In other words, Facebook grew to be virtually unstoppable, reaching a historic $5 billion public offering in 2012.
The corporation has acquired a number of promising companies alongside its fast expansion, including the photo-sharing site Instagram. Instagram was purchased by Facebook in 2012 for $1 billion.
Remember that there are already more than 2 billion users of the service globally. In addition to the apparent motivations for the purchase, Facebook also used it as a type of power play because it closely watches firms that may represent a danger to it.
The makers of the Oculus virtual reality headgear experienced the same thing. Particularly, Oculus was still a fledgling firm when it was acquired by Facebook in 2014 for a “tiny” $2 billion. A bit better was the performance of the mobile messaging startup WhatsApp, which Zuckerberg acquired for $19 billion.
When WhatsApp co-founder Jan Koum joined Facebook’s board of directors in February 2014, this acquisition was made, expanding the service’s user base to more than one billion daily users.
Despite Mark’s best efforts, the platform has evolved into a prime location for disinformation and social engineering, presenting propaganda as real news to the very people that Facebook had intended to serve in the beginning.
According to all accounts, Facebook has become a training ground for political manipulation and the extremely simple dissemination of hate speech, both of which several European Union countries have vehemently denounced.
Germany has even gone so far as to enact strict regulations that mandate Facebook to pay a substantial fine each time hate speech is posted online for longer than a day. For precisely this reason, the social network employs a big staff of live reviewers who will aid artificial intelligence in filtering out objectionable information.
Facebook was renamed Meta a few years ago precisely because of bad PR. Speculations and unexamined assumptions caused Facebook to drastically decline in popularity.
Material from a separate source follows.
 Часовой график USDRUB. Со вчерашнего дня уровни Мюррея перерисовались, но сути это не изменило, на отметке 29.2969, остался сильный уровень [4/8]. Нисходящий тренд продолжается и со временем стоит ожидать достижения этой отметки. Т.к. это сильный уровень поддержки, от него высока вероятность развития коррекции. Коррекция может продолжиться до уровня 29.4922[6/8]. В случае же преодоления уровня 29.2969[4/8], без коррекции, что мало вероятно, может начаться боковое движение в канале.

Zuckerberg knew exactly what to do at this moment, and by renaming the company, he got the right shot. The features of the apps have only gotten better, while their popularity is getting stronger by day.
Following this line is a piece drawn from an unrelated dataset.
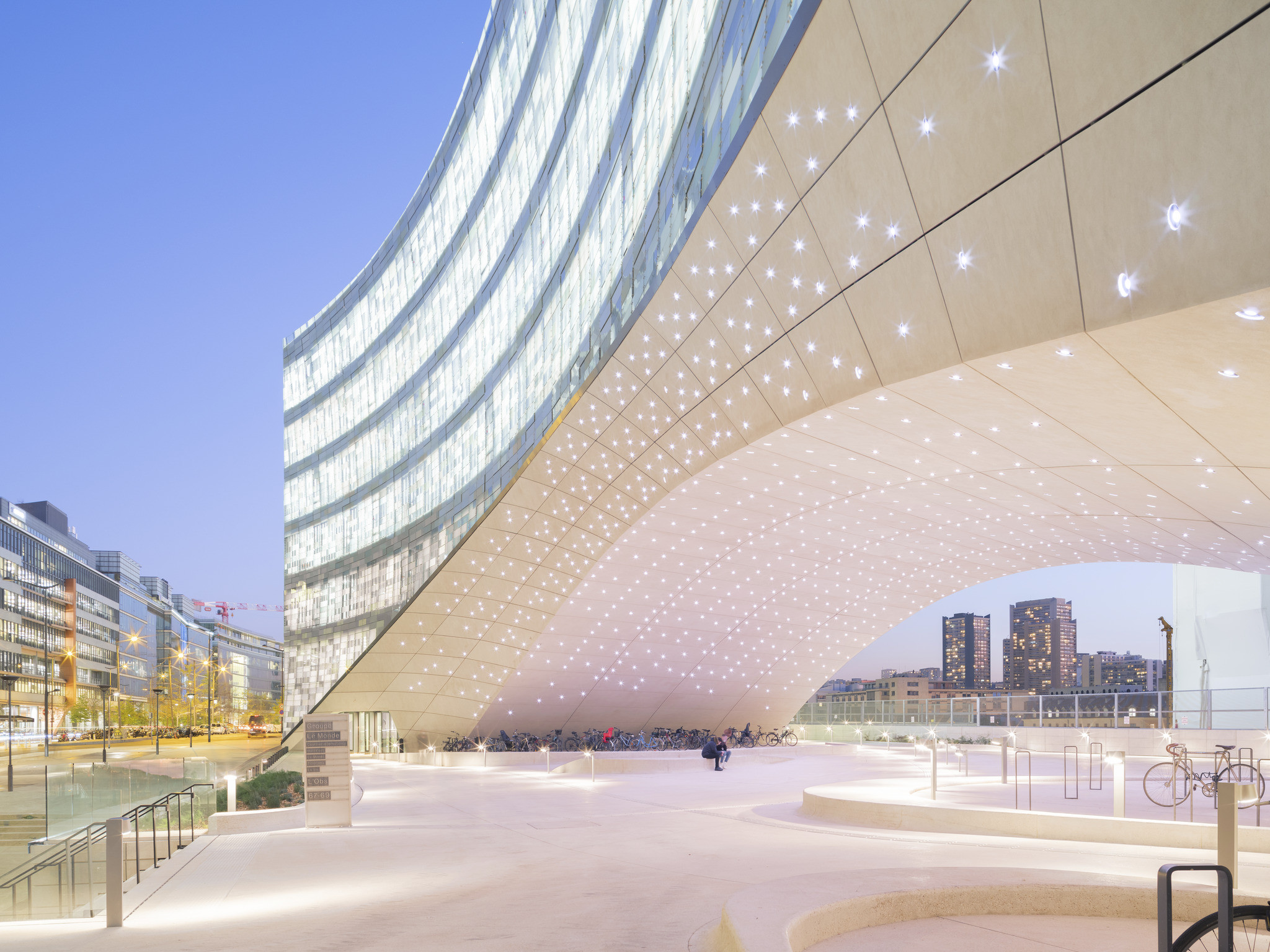 Στο 13ο διαμέρισμα του Παρισιού, η δομή έχει την όψη ενός αψιδωτού κτηρίου με ημιδιαφανές εξωτερικό περίβλημα και περιλαμβάνει μια πλατεία που επιτρέπει στο αρχιτεκτόνημα να ενσωματώνεται στη γειτονιά, αναφέρει το ΑΠΕ-ΜΠΕ.

Despite all the challenges, Metaverse’s social networks are doing better today than ever before. Almost 3 billion people are registered to use the network in the first half of 2022.
Although Facebook is the originator of everything, young generations today favor Instagram, and many do business through it. Social networks are a source of income for many young people today, and life without them has become almost unimaginable.
We can only be grateful to Mark for the innovation he provided us because it is definitely the entry into a new era. Trends change from day to day, and we cannot know what will be popular in a few years. I guess we’ll just have to wait and find out – or maybe ask Mark Zuckerberg.